La historia está llena de interesantes y también estériles discusiones acerca de la Trinidad. Muchos se han “devanado los sesos” tratando de comprender, argumentar, defender e incluso formular aquello que, “per se”, está por encima de nuestro entendimiento. Yo he participado de algunas de estas acaloradas charlas, con ímpetu apologético, pero con los años he comprendido que, si bien no han sido una completa pérdida de tiempo, no han sido tampoco la mejor manera de aprovecharlo.
La cuestión no es sencilla y es preciso considerar varios elementos: ¿Existe Dios? ¿Quién es? ¿Es posible que se haya manifestado a los hombres? ¿Sus manifestaciones deben ligarse exclusivamente a un pueblo, una religión, una organización? Comprenderá el lector que siquiera intentar responder a estas preguntas y enfrentarse a las implicaciones de las respuestas dadas, es una tarea similar a la de aquél que se puso en camino, con el objetivo de cruzar las montañas, en busca de una salida al mar. Tarde o temprano terminaremos por rendirnos. Así que lo mejor es tratar de encontrar las implicaciones para nuestra vida práctica de cualquiera que sea nuestra posición y refugiarnos en la seguridad de algún macondo.
Yo soy de los que creen que Dios es “Uno y Trino”, que se ha manifestado a través de la historia de muchas maneras, en diversas locaciones y a todos los pueblos; y que, aún aquellos que se encuentran más lejos de las verdades por mí aceptadas, llevan en sí “las semillas del Verbo”.
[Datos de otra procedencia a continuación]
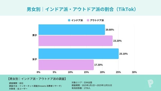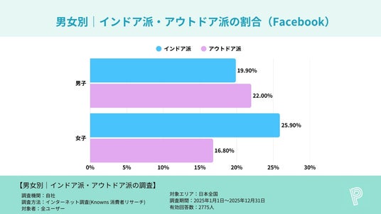 またFacebook(インドア派25.9%)やTikTok(インドア派25.1%)でもインドア派が高水準となっており、女性はSNSアプリにかかわらず落ち着いた行動スタイルが優勢であることが分かりました。

Así pues, creo que el universo tuvo un origen, que esta inmensidad de la que soy parte pero que por doquier me sobrepasa, no surgió por sí misma de la nada, que la belleza y la perfección no son simples causalidades atribuibles al azar, sino que detrás de las vicisitudes prehistóricas que dieron origen a la materia, la energía, el espacio y el tiempo, y que luego formaron todo lo existente, se encuentra la inteligencia y omnipotencia de un Dios que es mi Padre, aunque yo no siempre sea muy buen hijo.
Creo, además, que por mí, el cielo envió a la tierra un Salvador y que, su muerte en la cruz es la más grande manifestación del amor. Sin importar mis yerros, ni mi obstinación en el mal, está siempre presto a levantarme mientras me mira a los ojos y me dice: “yo no te condeno, vete en paz”. Es el Hijo del Padre que quiso hacerme su hermano y que no se arrepiente de ello, aunque yo innumerables veces haya sido fratricida.
Finalmente, creo que obrar el bien, aunque esté a mi alcance, no depende exclusivamente de mí. Soy, de alguna manera (sin que suene a herejía), el campo de batalla en el que el bien y el mal combaten en una guerra sin cuartel, y me vería perdido en la vorágine de la vida si no contara con el auxilio del “dulce huésped del alma”. Esta divina presencia me anima a practicar el bien y me impulsa a evitar el mal, mientras testifica en mi interior que soy hijo del Padre gracias a la muerte y resurrección del Hijo que me hizo templo de su Santo Espíritu. ¿Qué crees tú? Feliz domingo.